** Opening STORED DATA block **
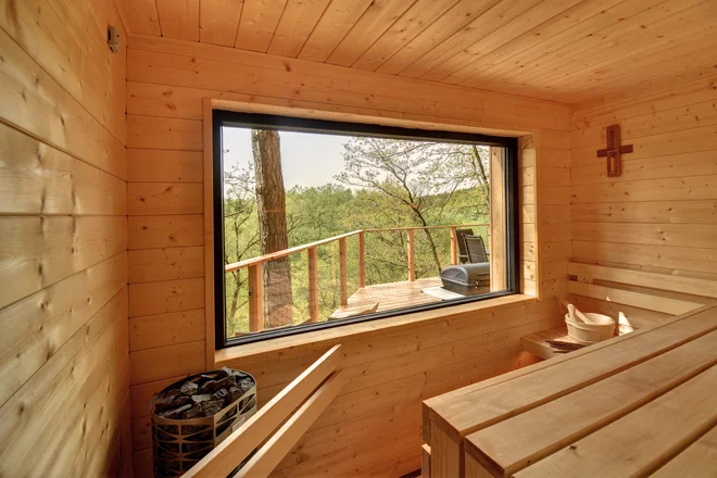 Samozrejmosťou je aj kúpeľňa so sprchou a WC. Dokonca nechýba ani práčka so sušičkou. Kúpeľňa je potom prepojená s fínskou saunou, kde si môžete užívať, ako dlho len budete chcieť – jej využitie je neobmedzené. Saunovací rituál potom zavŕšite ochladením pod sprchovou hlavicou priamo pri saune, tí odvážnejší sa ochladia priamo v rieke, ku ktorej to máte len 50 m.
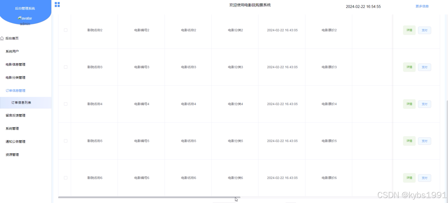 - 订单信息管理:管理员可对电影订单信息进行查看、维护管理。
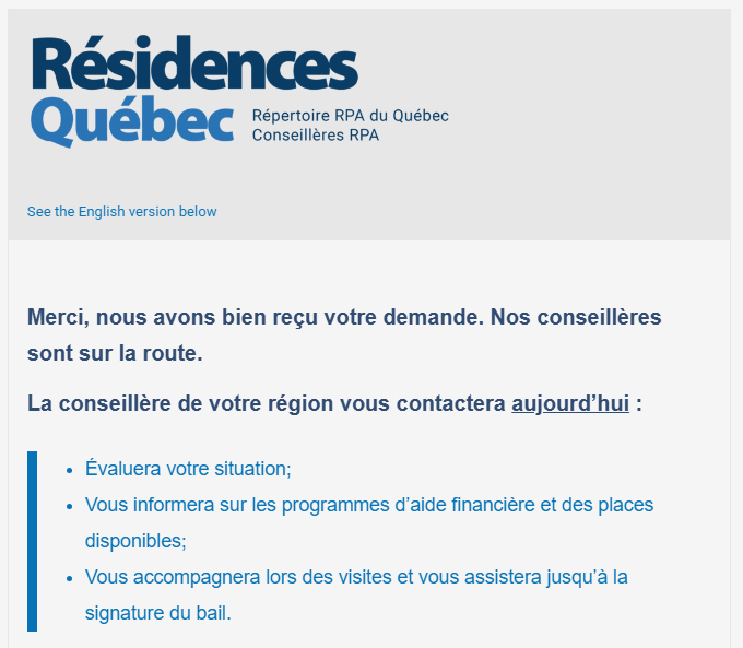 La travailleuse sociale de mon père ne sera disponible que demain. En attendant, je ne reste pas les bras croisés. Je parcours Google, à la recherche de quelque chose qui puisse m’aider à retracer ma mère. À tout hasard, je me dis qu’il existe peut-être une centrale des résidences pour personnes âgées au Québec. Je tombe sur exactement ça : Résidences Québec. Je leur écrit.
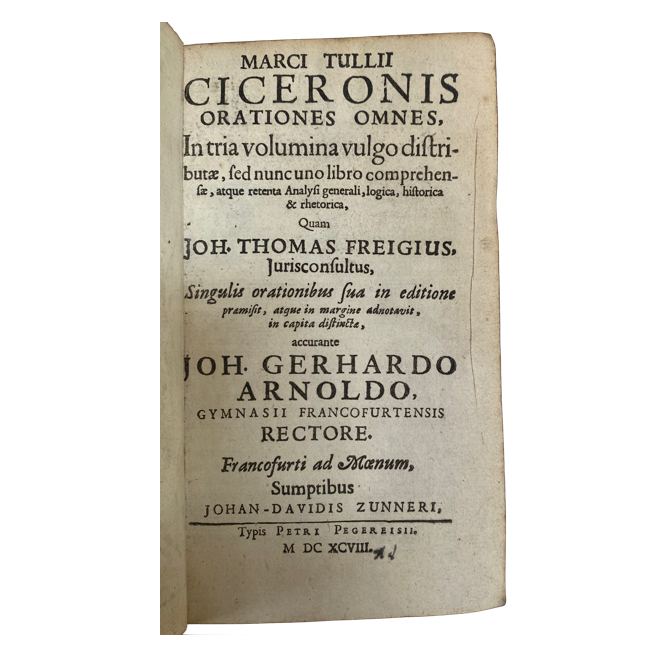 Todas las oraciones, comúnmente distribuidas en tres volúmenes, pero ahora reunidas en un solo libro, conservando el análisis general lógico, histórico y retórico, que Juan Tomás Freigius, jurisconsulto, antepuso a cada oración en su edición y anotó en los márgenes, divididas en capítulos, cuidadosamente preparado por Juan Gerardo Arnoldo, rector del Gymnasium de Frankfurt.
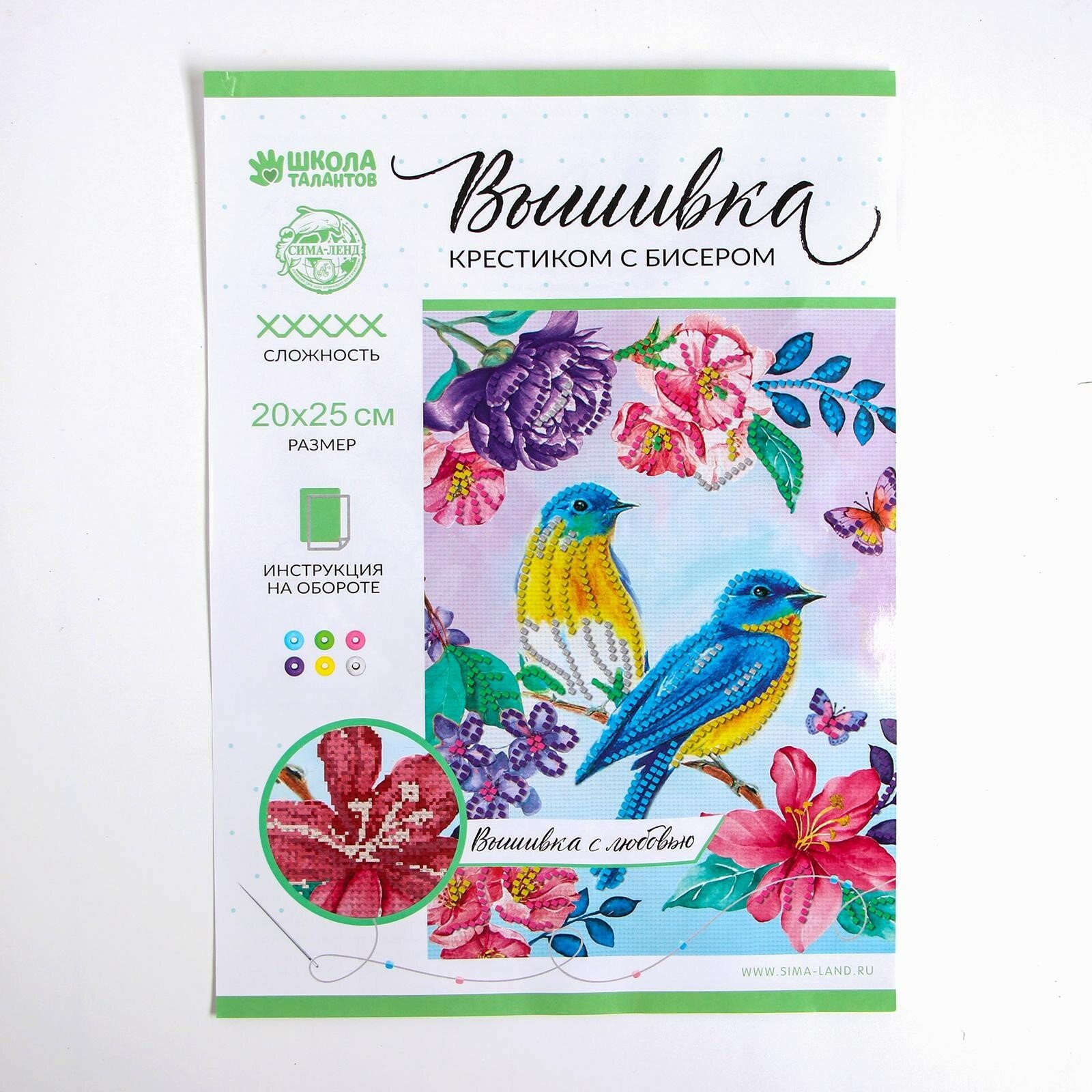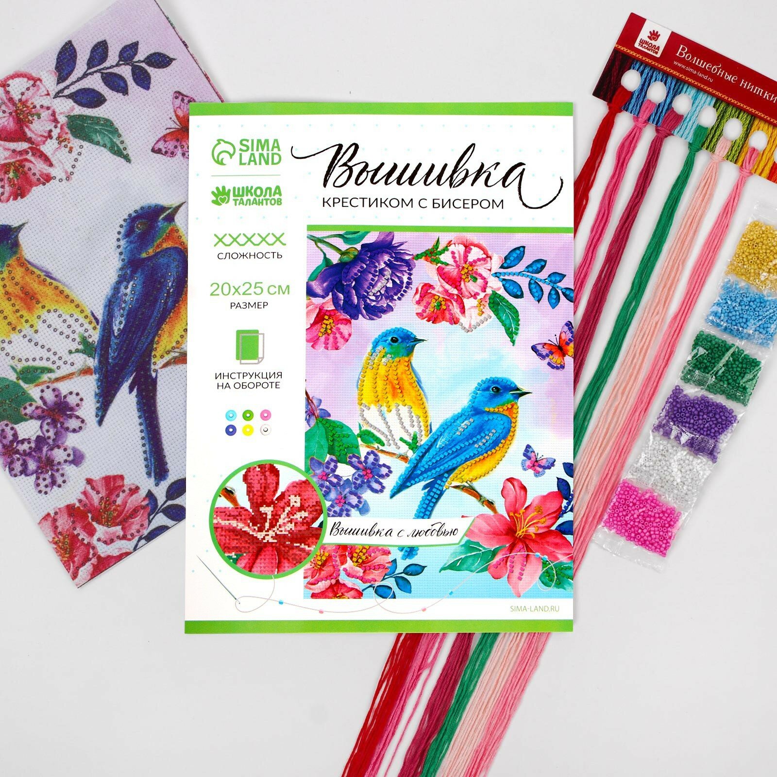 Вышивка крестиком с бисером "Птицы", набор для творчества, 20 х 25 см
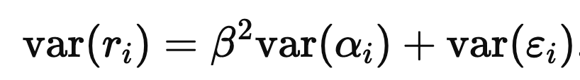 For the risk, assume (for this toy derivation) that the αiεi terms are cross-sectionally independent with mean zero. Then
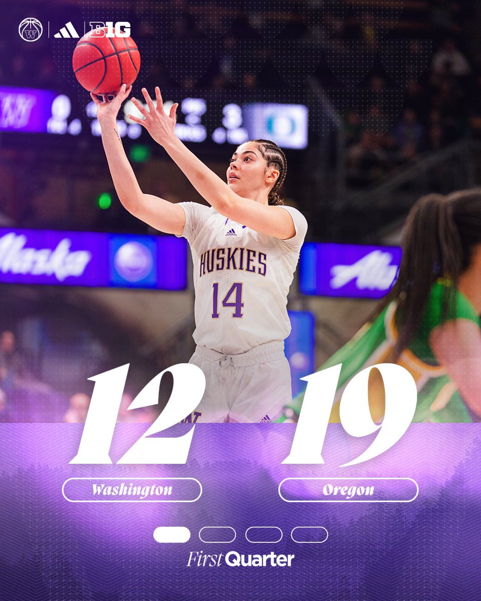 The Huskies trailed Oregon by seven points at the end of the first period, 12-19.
** Closing STORED DATA block **
** Opening STORED DATA block **
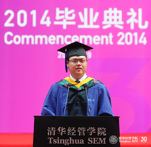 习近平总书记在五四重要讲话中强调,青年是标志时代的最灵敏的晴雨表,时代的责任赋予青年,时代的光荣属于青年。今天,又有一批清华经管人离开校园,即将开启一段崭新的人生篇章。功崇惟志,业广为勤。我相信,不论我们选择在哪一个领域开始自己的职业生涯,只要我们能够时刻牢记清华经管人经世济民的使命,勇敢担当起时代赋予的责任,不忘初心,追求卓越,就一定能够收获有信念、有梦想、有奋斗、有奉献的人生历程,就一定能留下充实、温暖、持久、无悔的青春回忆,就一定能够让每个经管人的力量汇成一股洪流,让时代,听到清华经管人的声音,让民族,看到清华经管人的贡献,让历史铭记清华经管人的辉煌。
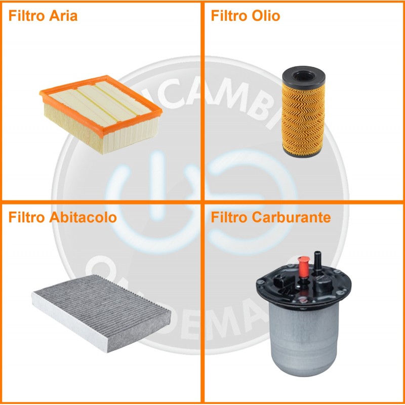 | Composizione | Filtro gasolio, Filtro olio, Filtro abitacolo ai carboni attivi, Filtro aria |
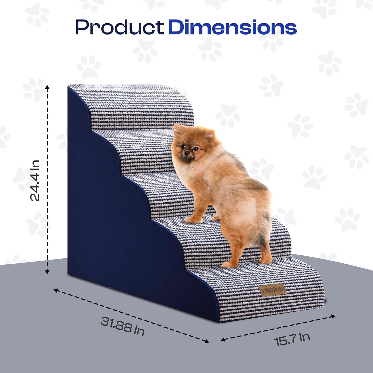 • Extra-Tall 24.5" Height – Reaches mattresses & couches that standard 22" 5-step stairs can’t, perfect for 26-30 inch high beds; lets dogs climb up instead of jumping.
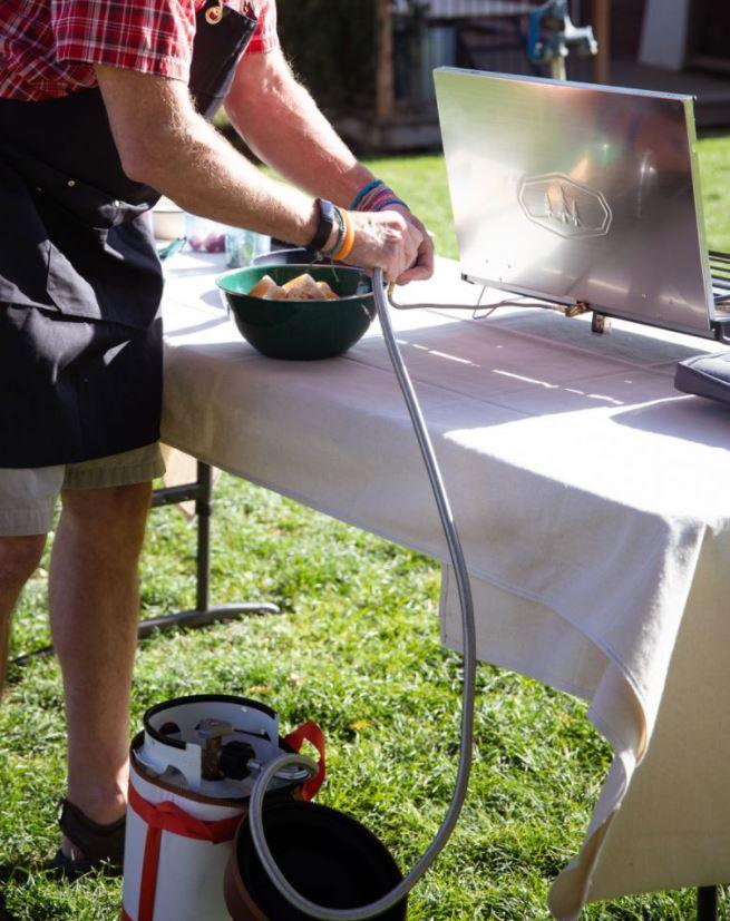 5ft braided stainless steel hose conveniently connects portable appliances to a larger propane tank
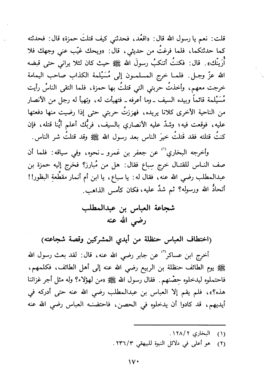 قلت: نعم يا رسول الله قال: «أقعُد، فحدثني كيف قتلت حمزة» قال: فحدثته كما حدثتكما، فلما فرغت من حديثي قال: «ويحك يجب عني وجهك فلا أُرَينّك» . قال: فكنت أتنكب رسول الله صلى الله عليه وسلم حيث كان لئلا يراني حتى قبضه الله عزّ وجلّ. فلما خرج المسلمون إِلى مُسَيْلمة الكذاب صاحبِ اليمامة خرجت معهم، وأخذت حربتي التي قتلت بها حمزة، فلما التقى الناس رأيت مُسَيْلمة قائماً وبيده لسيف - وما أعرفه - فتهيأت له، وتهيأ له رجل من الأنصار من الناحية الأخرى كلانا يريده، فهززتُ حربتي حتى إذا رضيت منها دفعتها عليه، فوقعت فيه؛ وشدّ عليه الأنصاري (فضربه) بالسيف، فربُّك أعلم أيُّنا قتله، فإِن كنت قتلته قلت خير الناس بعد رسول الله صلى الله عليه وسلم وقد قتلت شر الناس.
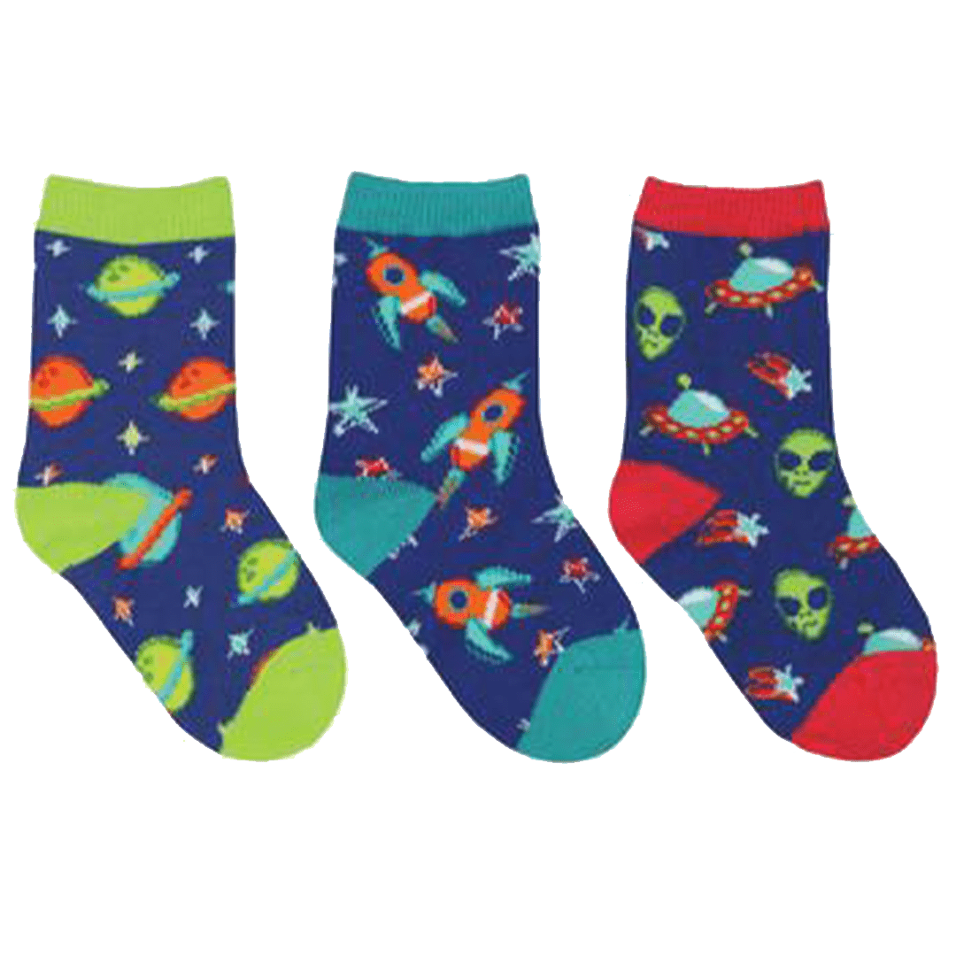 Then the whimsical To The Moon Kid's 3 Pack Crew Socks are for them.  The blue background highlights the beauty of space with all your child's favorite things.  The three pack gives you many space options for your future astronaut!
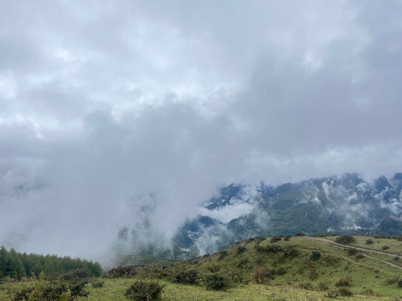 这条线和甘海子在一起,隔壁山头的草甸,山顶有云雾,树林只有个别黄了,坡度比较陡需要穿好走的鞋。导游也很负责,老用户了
** Closing STORED DATA block **
WHAT THE TASK ASKS: Within the data above, repeat exactly the lines from the one bearing "Вышивка крестиком с" through the one bearing "The Huskies trailed". Include no pictures and nothing else.

FINAL ANSWER:
 Вышивка крестиком с бисером "Птицы", набор для творчества, 20 х 25 см
 For the risk, assume (for this toy derivation) that the αiεi terms are cross-sectionally independent with mean zero. Then
 The Huskies trailed Oregon by seven points at the end of the first period, 12-19.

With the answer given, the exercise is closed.